Maximum number of employees seems high. Consider top ten companies based on employee count.
knitr::kable(head(inc[order(-inc$Employees),c(2,5:8)],10))
Name | Industry | Employees | City | State | |
---|---|---|---|---|---|
2344 | Integrity staffing Solutions | Human Resources | 66803 | Wilmington | DE |
4577 | Sutherland Global Services | Business Products & Services | 32000 | Pittsford | NY |
1868 | Universal Services of America | Security | 20000 | Santa Ana | CA |
3456 | The Seaton Companies | Human Resources | 18887 | Chicago | IL |
2870 | PrideStaff | Human Resources | 17057 | Fresno | CA |
2313 | Infiniti HR | Human Resources | 17000 | Olney | MD |
4655 | CareersUSA | Human Resources | 14451 | Boca Raton | FL |
1487 | Sprouts Farmers Market | Consumer Products & Services | 13200 | Phoenix | AZ |
4140 | Cornerstone Staffing Solutions | Human Resources | 13071 | Pleasanton | CA |
3650 | Genco | Logistics & Transportation | 10800 | Pittsburgh | PA |
Check for unique company names (that companies are not duplicated in the data).

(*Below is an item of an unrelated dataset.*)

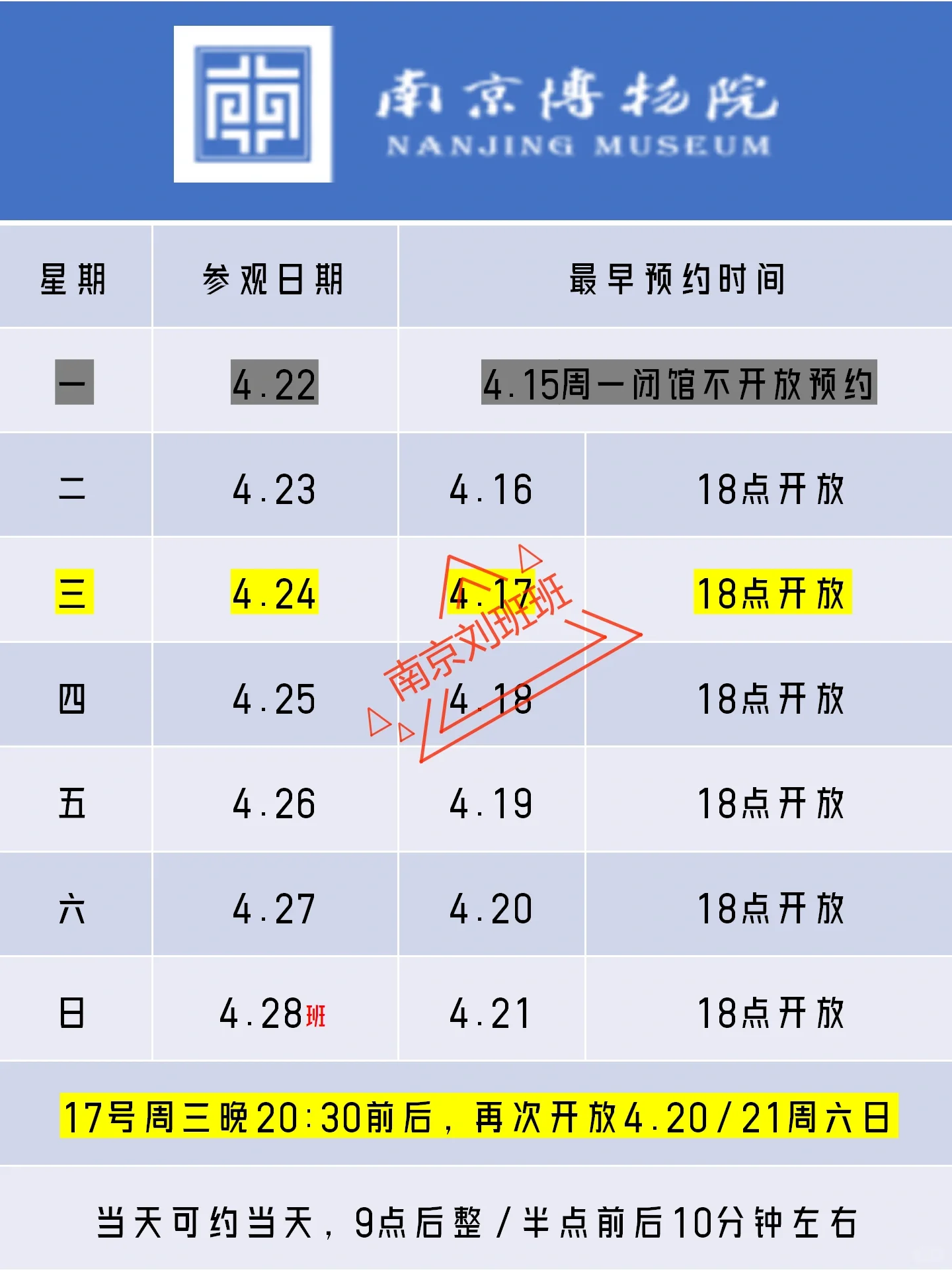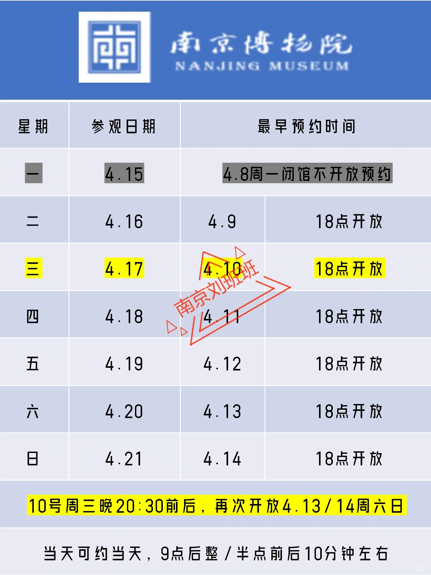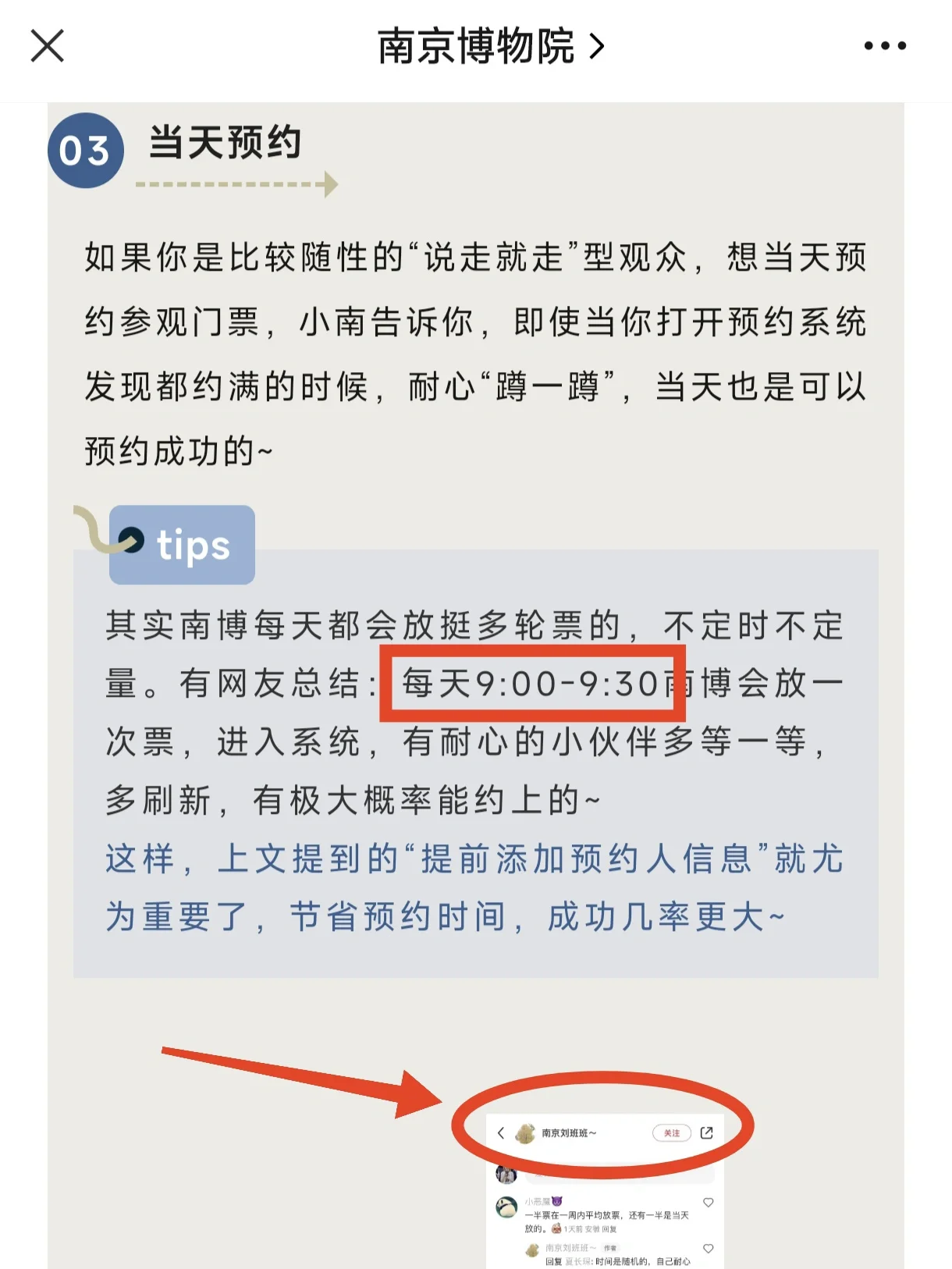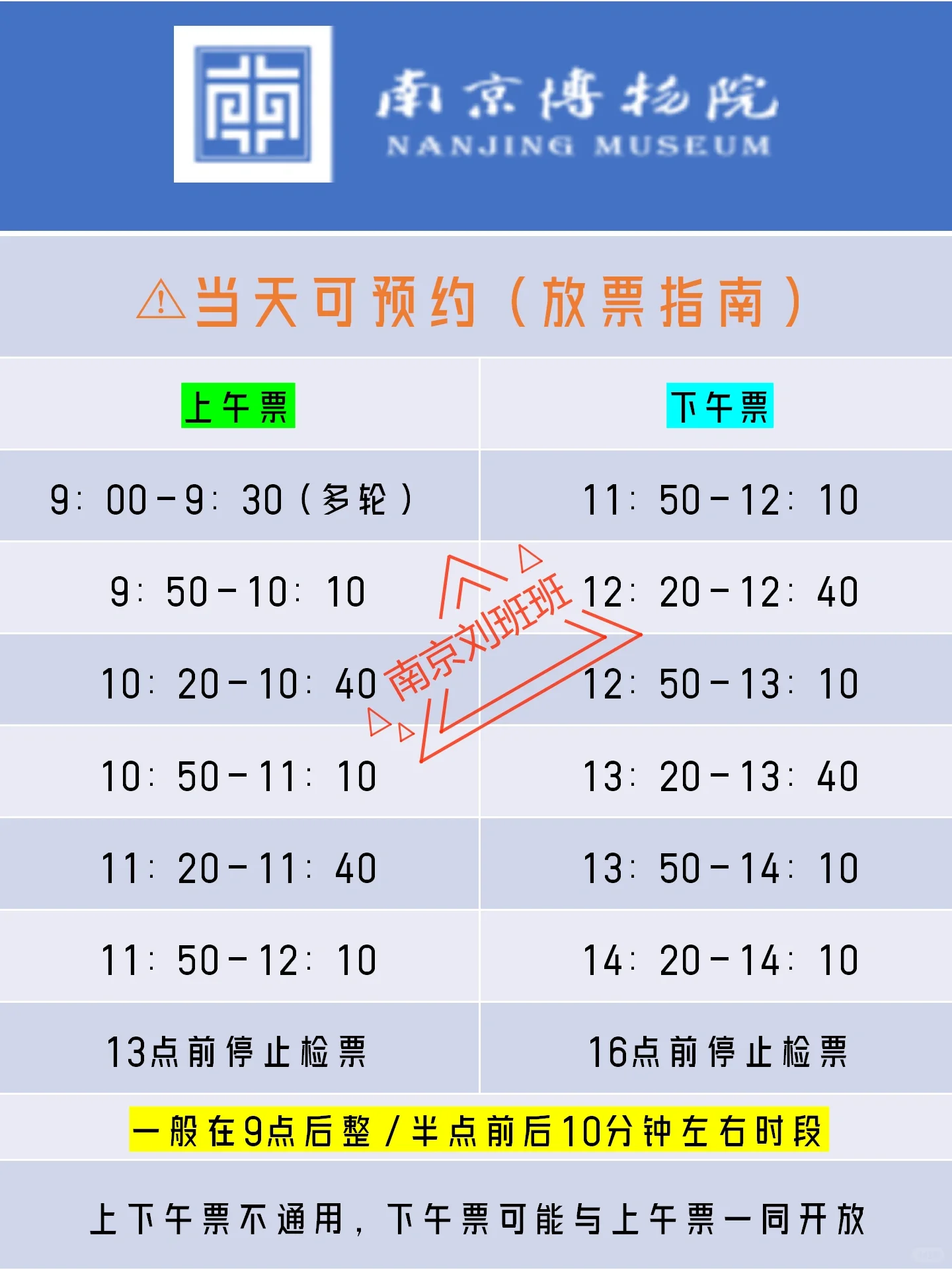 如果南京博物館不提前預(yù)約怎么辦 別擔(dān)心,找吧你不僅要花錢,甚至可能上當(dāng)受騙 今天,潘基文就給大家分享一下南京博物館當(dāng)天的預(yù)約指南 無論是在五一、國慶、春節(jié)等高流量節(jié)日的高峰期,南京博物館都可以在當(dāng)天訂票 請認(rèn)真預(yù)約導(dǎo)游,遵循導(dǎo)游時間和流程。如果你不想更改行程,只需按照計劃前往網(wǎng)站,并在途中按照指南在線刷新預(yù)約即可 [1R]步驟1:提前添加預(yù)約聯(lián)系人(請務(wù)必) 路徑:南京博物館→ 我的→ 我的訂單→ 票務(wù)訂單→ 我的聯(lián)系人→ 添加聯(lián)系人 無論孩子多小,他們都可以用身份證預(yù)訂普通票 孩子沒有身份證,大人和孩子一起訂親子票 第2步:查看預(yù)約時間表 上午的票(有時午餐票會同時放下) ① 9點到9點30分將有多輪比賽,重點關(guān)注 ② 9:50~10:10 ③ 10:20-10:40 ④ 10:50-11:10 ⑤ 11:20-11:40 下午票 ① 11:50~12:10 ② 11:50~12:10 ③ 12:20~12:40 ④ 12:50~13:10 ⑤ 13:20~13:40 ⑥ 13:50~14:10 ⑦ 14:20~14:40 ⑧ 14:50~15:10 ⑨ 15:20~15:40 僅供參考,視實際情況而定,如有變動 以上是正常的出票期。如果你不確定當(dāng)天是否會出票,你可以根據(jù)引導(dǎo)期刷引導(dǎo),看看當(dāng)天是否會開票 [三個R]步驟3:刷新約會 重復(fù)刷新,可以有各種刷新方式,但建議在【普通票/親子票】和【日歷】界面中重復(fù)切換刷新,因為一般更容易刷新。如果出現(xiàn)【今日】,請立即按照正常的預(yù)訂流程進行預(yù)訂 門票一次發(fā)行一輪。建議選擇一個時間段進行更多刷新,否則本輪可能已經(jīng)出票了,有可能超過十分鐘都無法刷新,浪費時間 如果您對當(dāng)天預(yù)約沒有信心,建議提前預(yù)約 [1R]最早任命: 提前7天18:00預(yù)約,周六18:00預(yù)約下周六,以此類推 [2R]周三預(yù)約: 周三晚上,推特通常在20:30左右發(fā)布,然后是周六和周日的門票。張貼時間通常在20:00到21:30之間。建議提前遵循 【三個R】其他時間段: 偶爾,門票會提前發(fā)布,比如11:30、15:30等,但沒有明確的模式,而且很隨機,所以我們只能心存僥幸 南京博物館真的很容易安排。我仔細閱讀了指南,可以耐心地預(yù)約。每個人真的不需要花錢找人預(yù)約,而且官方一直在更新預(yù)約規(guī)則,從設(shè)置黑名單到修改和鎖定聯(lián)系人,再到7天內(nèi)只預(yù)約兩次。就這些在斗智斗勇中,每個人都不應(yīng)該再鼓勵他們了

dupNames <- group_by(inc, Name) %>%
summarize(Count=n()) %>%
filter(Count>1)
cat("Number of duplicate company names:",nrow(dupNames))
## Number of duplicate company names: 0
Consider all industries.
knitr::kable(group_by(inc, Industry) %>% summarize(Count=n()) %>% arrange(desc(Count)))
Industry | Count |
---|---|
IT Services | 733 |
Business Products & Services | 482 |
Advertising & Marketing | 471 |
Health | 355 |
Software | 342 |
Financial Services | 260 |
Manufacturing | 256 |
Consumer Products & Services | 203 |
Retail | 203 |
Government Services | 202 |
Human Resources | 196 |
Construction | 187 |
Logistics & Transportation | 155 |
Food & Beverage | 131 |
Telecommunications | 129 |
Energy | 109 |
Real Estate | 96 |
Education | 83 |
Engineering | 74 |
Security | 73 |
Travel & Hospitality | 62 |
Media | 54 |
Environmental Services | 51 |
Insurance | 50 |
Computer Hardware | 44 |
Create a graph that shows the distribution of companies in the dataset by State (ie how many are in each state). There are a lot of States, so consider which axis you should use. This visualization is ultimately going to be consumed on a ‘portrait’ oriented screen (ie taller than wide), which should further guide your layout choices.
# Get a list of counts by state
stateCount <- group_by(inc, State) %>%
summarize(Count=n())
# Plot results
p1 <- ggplot(data = stateCount, aes(x = State, y = Count)) +
geom_bar(stat="identity", fill="#CCCCCC") +
geom_text(aes(label=Count), hjust=-0.2, vjust=0.4, color="#555555") +
scale_x_discrete(limits = rev(levels(stateCount$State))) +
coord_flip() +
ggtitle("No of Companies per State") + labs(x = "", y = "") +
theme(panel.background = element_blank(),
axis.ticks = element_blank(),
axis.text.x = element_blank(),
axis.text.y = element_text(margin = margin(r=-30)))
ggplotly(p1)
Decision points:
Lets dig in on the state with the 3rd most companies in the data set. Imagine you work for the state and are interested in how many people are employed by companies in different industries. Create a plot that shows the average and/or median employment by industry for companies in this state (only use cases with full data, use R’s complete.cases()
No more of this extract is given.